Campers in Grand County took this picture on the weekend of June 6-7. Colorado Parks and Wildlife called it "wolf-like" but said additional work would be needed to confirm its identity, noting the atypical wolf behavior of approaching people. (Provided by CPW)

Colorado’s first litter of gray wolf pups since the 1940s has grown to include six pups.

Colorado Parks and Wildlife said Thursday that staff spotted the pups living in a den with two collared wolves known as John and Jane in northern Colorado, KCNC-TV reports.

The agency first announced June 9 that staff had spotted three pups in the pack.

The discovery comes after Colorado voters narrowly approved a ballot measure last year that requires the state to reintroduce the animal on public lands in the western part of the state by the end of 2023.

Gray wolves were hunted, trapped and poisoned into extermination in Colorado in the 1940s.

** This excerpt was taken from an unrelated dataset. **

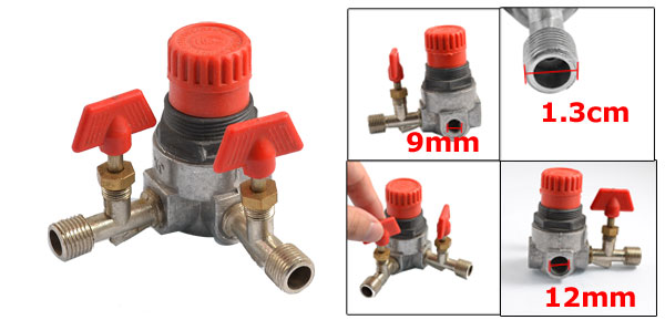 Product Name Pressure Valve Design Double Outlet Material Plastic, Metal Color Red, Black, Silver Tone Male Thread Diameter 1.3cm/ 1/2" Female Thread Diameter Small: 9mm/ 0.35"

Officials last year confirmed the presence of the small pack of wolves in northwestern Colorado after a number of sightings since 2019. The animals were believed to have come down from Wyoming’s Yellowstone National Park.

Wildlife advocates see reintroduction in Colorado as a vital step in restoring the wolf more quickly to habitat stretching from the Canada to the Mexico border. Wolves were reintroduced in the Northern Rockies in the 1990s, and some 3,000 of the animals now roam portions of Montana, Wyoming, Idaho, Oregon, Washington and Northern California.